Fig. 7 illustrates an important caveat that enters into all the rCBF maps. Since the silent thinking of the motor sequence activates only the SMA (Fig. 7B), it can be assumed that the additional activation with the motor sequence movements (Fig. 7A) is due to the excitatory action of the SMA neurones on the motor cortex. The further activation of the somatosensory area could be attributed to sensory feedback from the finger and thumb movement. Thus it is not necessary to assume that the thinking directly activated the areas in Fig. 7A additional to those in Fig. 7B. Similarly in Fig. 5 many of the activated areas could be secondary to a few that are primarily activated. In the three types of silent thinking it could be that the primary action is on areas of the superior prefrontal cortex on both sides (cf. Fig. 6) and these in turn cause the activation of the other areas, but there is as yet no experimental evidence for this as there is in Fig. 7. Possibly the primary action of the silent thinking in Fig. 4 is on the area of the mid-prefrontal cortex, which secondarily involves that area of the somatosensory cortex corresponding to the mental concentration.

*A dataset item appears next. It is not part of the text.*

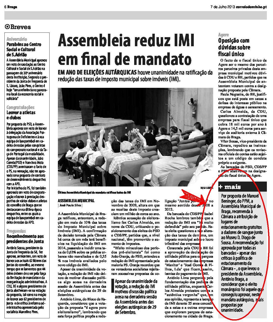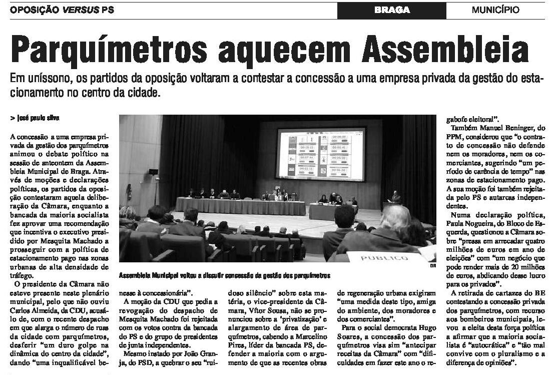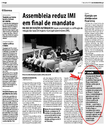 debate político na sessão de anteontem da Assembleia Municipal de Braga. Através

In general terms there are two theories about the relationship of mental events to neural events.
Firstly there is the explanation inherent in all monist-materialism including all the varieties of parallelism, panpsychism, epiphenomenalism and the now fashionable identity theory. The existence of mental events is not denied, but they are given a subsidiary role in the performance and experience of a human person, which is entirely brain controlled. For example in the identity theory the mental events are somehow regarded as 'identical' with neural events of a special kind in the highest levels of the brain as succinctly expressed by Feigl (1967, pp. 79 and 90): "The identity thesis which I wish to clarify and to defend asserts that the states of direct experience which conscious human beings 'live through', and those which we confidently ascribe to some of the higher animals, are identical with certain (presumably configurational) aspects of the neural processes in those organisms . . . processes in the central nervous system, perhaps especially in the cerebral cortex.... The neuro-physiological concepts refer to complicated highly ramified patterns of neuron discharges".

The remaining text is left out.